James Faerron - Selected Reviews

Selected Reviews

“Hidden Parts” San Francisco Examiner – “Steindler and her designers make excellent use of the Thick's tall, narrow performance space. Faerron's striking set uses two rows of tall, late-summer-tasseled cornstalks to suggest vast fields, with a two-tiered, nightmarishly skewed farmhouse growing out of the opposite wall. The crazy-angled upper porch, with its antique rocker, is the aerie from which crude, menacing, hawk-eyed family patriarch Thomas Arn (John Robb) surveys his domain. The patio below - with its half-heartedly festive party decorations - is the realm of his nervous, absent-minded wife Cynthia (Nancy Madden).”

“Back of The Throat” San Francisco Chronicle – “James Faerron's grungy, low-rent, basement apartment set is a character- defining extension of the semi-bohemian, intellectually curious, impoverished would-be writer Khaled”

“Monkey Room” Talking Broadway – “James Faerron has devised a breathtaking meticulous lab room that is perfect in every detail.”

“Shaker Chair” Talking Broadway – “James Faerron has devised a strikingly pristine set with a plain beige wall with an entrance doorway and two significant chairs: a stern Shaker chair and a more comfortable chair.” San Francisco Chronicle - “Dolly wallows self-indulgently in her personal soap opera and a broad, decadently comfortable armchair - the only such luxury in James Faerron's strikingly pristine set, its spartan white walls and clean lines echoing the architecture of the former church that's become Shotgun's Ashby Stage.”

“Beirut / Kvetch” Miami News – “Scenic designer James Faerron turns the stage into a cavernous hovel by using a pastiche of hurricane shutters, graffiti, and wood. This intricate set finds itself transformed on alternating nights when an entirely different show, the two-act Kvetch, takes the stage. The new set, a black-and-white op-art representation of the inside of a neurotic brain (designed, again, by Faerron) proves to be the most imaginative aspect of this overwrought comedy...”

“Hellhound On My Trail” Berkeley Daily Planet – “James Faerron’s set is quite striking. Windows downstage left and right plunge upstage center with a highly exaggerated angle of perspective. In the first act, with the addition of well-used wooden furniture, it is a schoolish bureaucratic interrogation room. In the second act, a hotel coffee shop. In the third act, a no-frills Texas motel.”

“Psychos Never Dream” San Francisco Weekly – “James Faerron has built an ideal split-level set, with crisp town scenes on top and disordered farm scenes below...” San Francisco Chronicle – “...as James Faerron's inventively versatile set – beautifully used by Larson throughout – unfolds to reveal a stunningly shoddy ranch interior...”
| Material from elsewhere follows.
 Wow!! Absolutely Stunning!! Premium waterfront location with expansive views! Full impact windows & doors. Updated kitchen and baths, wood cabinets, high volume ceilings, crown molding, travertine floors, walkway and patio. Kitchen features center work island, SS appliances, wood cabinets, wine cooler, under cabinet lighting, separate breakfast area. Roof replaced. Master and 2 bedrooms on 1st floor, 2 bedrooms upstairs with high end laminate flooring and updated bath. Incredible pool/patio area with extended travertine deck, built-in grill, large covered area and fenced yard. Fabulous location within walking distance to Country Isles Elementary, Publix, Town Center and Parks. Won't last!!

“Five Flights” Curtain Up – “James Faerron's abstract set manages to accommodate it all, including some modest projections to announce the "scenes" and a locker room encounter that creates a mini-hockey match with an empty shampoo bottle retrieved from an off-stage shower.” San Francisco Chronicle – “Everything rises on an updraft with the script. James Faerron's set, exquisitely lit by David Szlasa, uses a few white benches and a French curve to say everything that's required.”
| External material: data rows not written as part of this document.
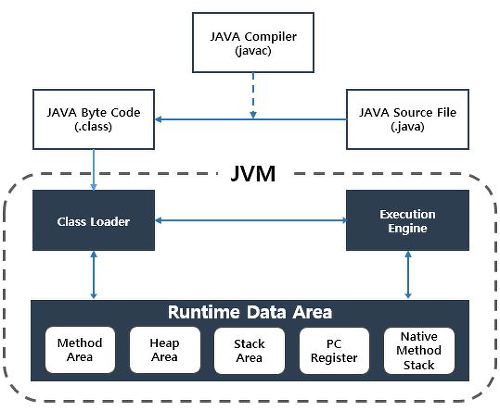 - Java언어로 프로그래밍된 파일을 Java컴파일러가 가상 기계어 파일인 Java클래스 파일로 만든다. 다시 말해, 소스 코드를 Java바이트 코드로 번역한다. 이후 Java바이트 코드를 JVM이 읽고 실행하게 된다.
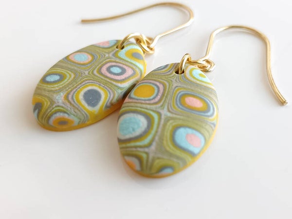Classic pistachio green and yellow small oval earrings in an abstract design inspired by Gustav Klimt finished with 18k gold-plated stainless steel hooks.
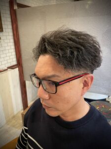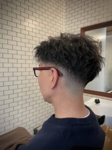 今回ご紹介するのは、裾はスキンフェードでスッキリし、トップは分けられる長さを残し、ツイストスパイラルパーマでボリュームと動きをプラスしたスタイルです。
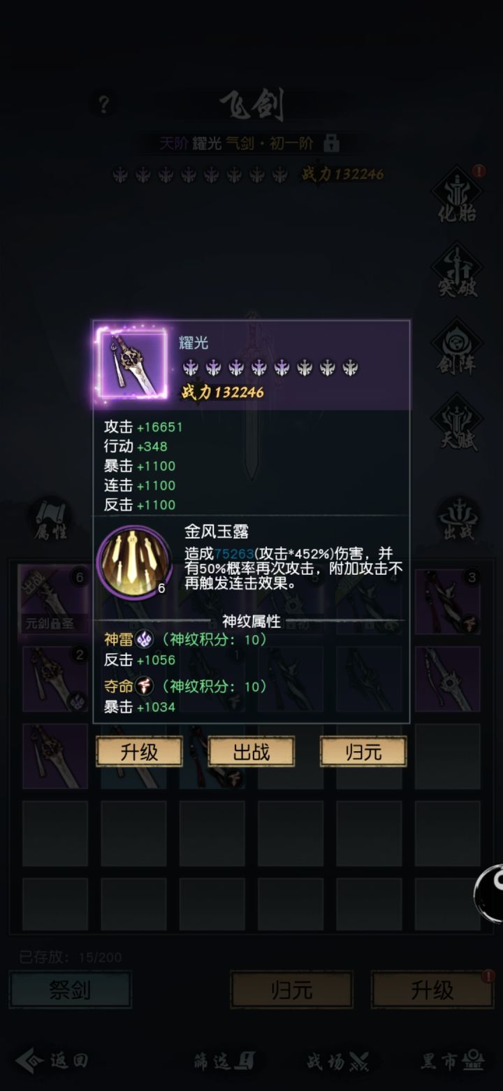 写一篇飞剑攻略 当然是个人心得 欢迎讨论首先飞剑有三种神纹 暴击 连击 反击1.金系耀光可以看到 金系耀光灵根有额外连击加成 而且技能自带连击 合起来的概率是70%(我不知道灵根是否累加 姑且当他累加) 70%概率是很高的 对于能多次打的副本来说相当于100% 其他就是了 如果加上连击神纹 虽然说连击概率达到了90% 说实话输出达不到最大化理由如下1.对于打副本 我们可以多次打 70%和

“Pancho and Lucy” San Francisco Chronicle – “James Faerron's set, creatively lit by Jim Cave, is a perfect low-rent bar, from its odd art and half-working beer signs to its Elvis-bedecked corner bandstand….” SF Guardian – “... sharply choreographed by codirector Erika Schuch on James Faerron's lovingly detailed, atmospheric set.”

“The Typographer’s Dream” San Francisco Chronicle – “The stage is stripped to its bare walls for Faerron's creatively spare set, the floor covered with a network of schematic architectural outlines that will set up a clever homage-lampoon riff on Lars von Trier's "Dogville."”
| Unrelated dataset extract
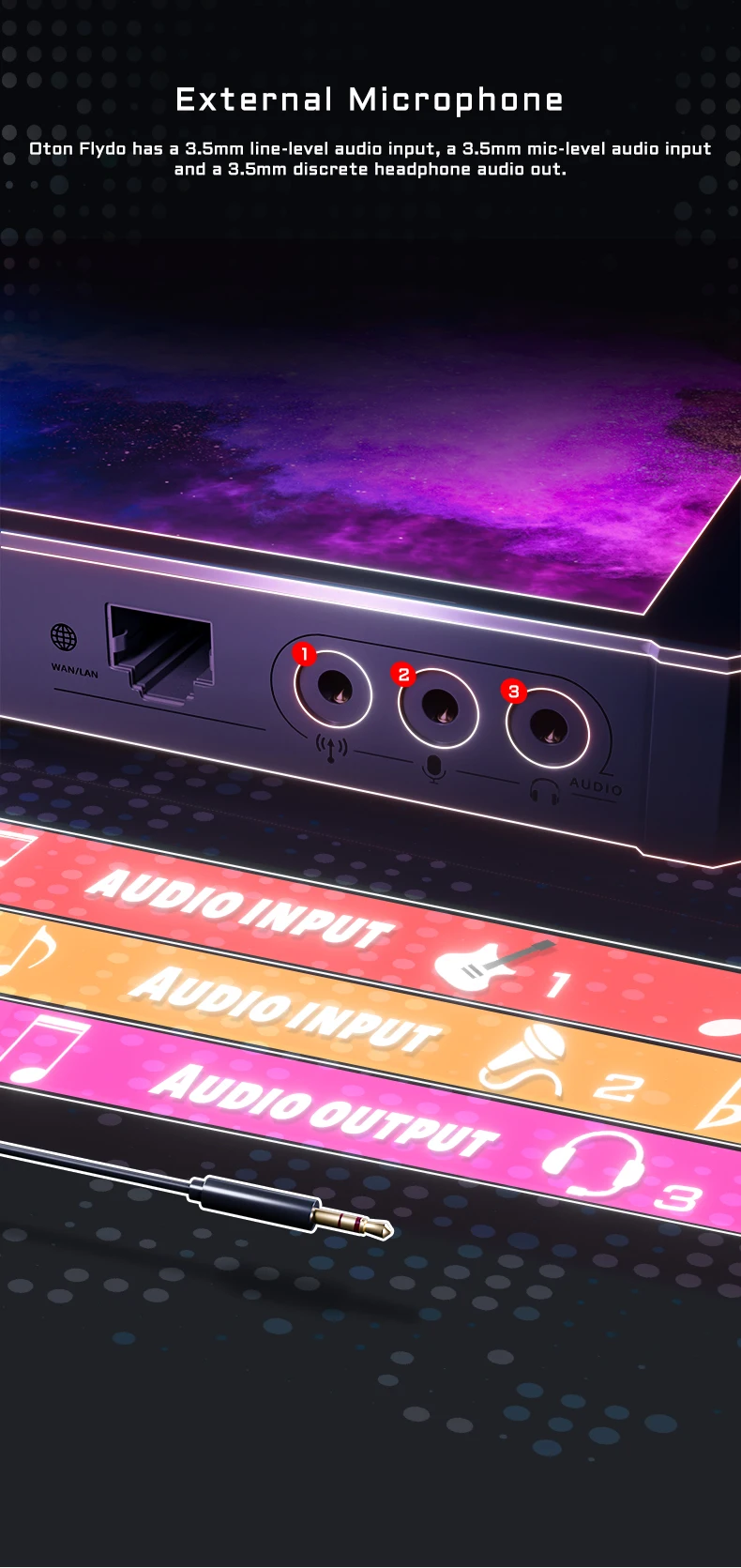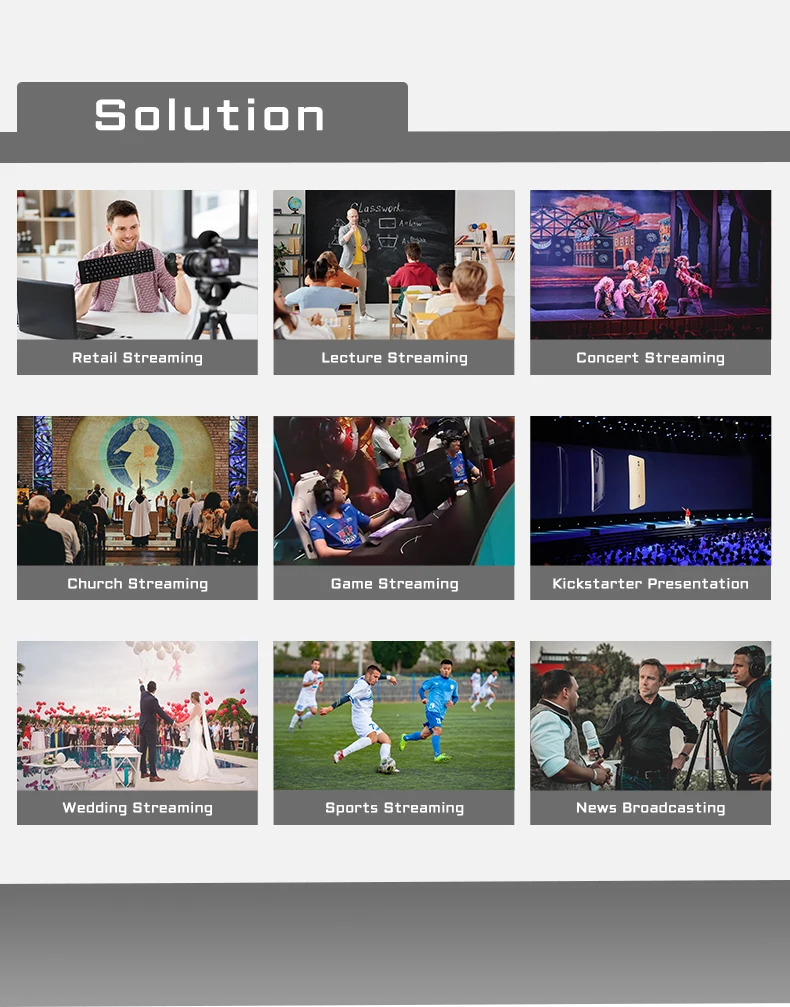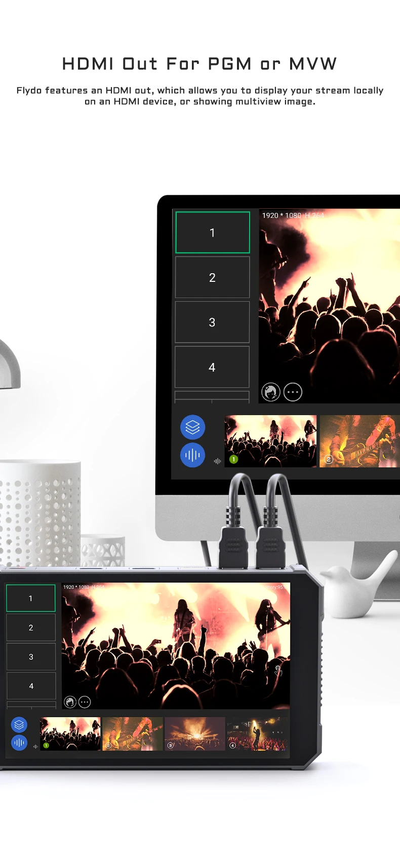 Flydo allows you to connect and live switch up to multiple video sources, including 2 HD-MI for cameras or drones, 2 USB for webcams or captures, import PDF, PowerPoint, images or MP4 videos from SD Card Input, or pulling stream from IP camera or CDN. It also features an HDMI output to display your stream locally on an optional HDMI display. It also has a line-level audio input, a mic-level audio input, and a discrete headphone audio out.
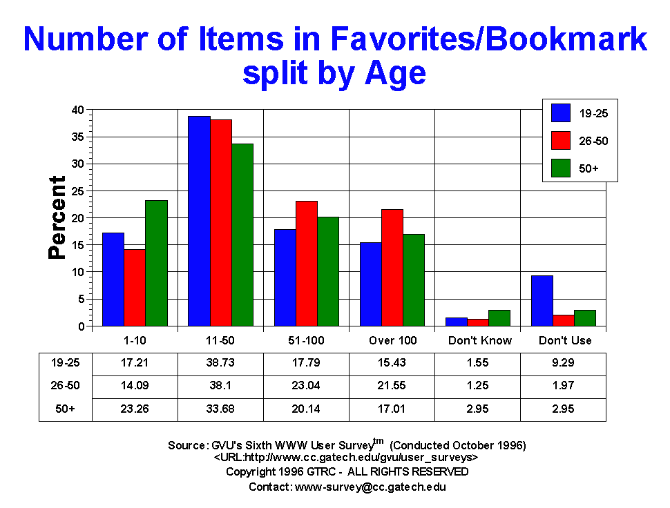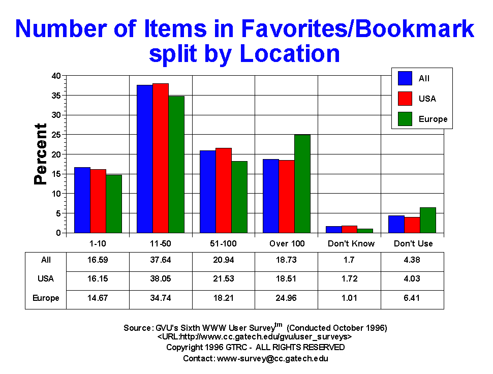 - The largest category of users has 11-50 items in their favorites/bookmarks (37.64%), and 77.3% have over 11 items. The percentage of respondents with over 100 items in their favorites/bookmarks is 18.7. The distribution of items is nearly identical to the distribution in the Fourth Survey. As in the Fifth and Fourth Surveys, more European respondents than US respondents had over 100 items in their hotlist (24.96% Europe, 18.51% US). In general, females have fewer items than males, The respondents with the highest number of items in their favorites/bookmarks are users in the 26-50 age range: 44.59% have over 51 items in their list.

“Soul of a Whore” San Francisco Chronicle – “Masha's, John's and HT's lives continue to intertwine with Jenks' as the action moves from bus station to intensive care unit to death row, each location beautifully suggested by shifts of the concrete-like, structural frames of James Faerron's set and changes in Jim Cave's architectural lights and Drew Yerys' ambient sound effects.”

“June in a Box” San Francisco Chronicle – “Composer Beth Custer and accordionist Isabel Douglass strike up an engaging corrido, framed in an odd trapezoid window in the patchwork junkyard wall of James Faerron's striking set.”

“Stairway to Heaven” Oakland Tribune – “....she cooks elaborate meals in a dingy apartment (the wonderfully stained, crumbling set is by James Faerron) and dictates her eloquent, poetic memories to Mickey, a possible junkie, who scribbles it all into a notebook.”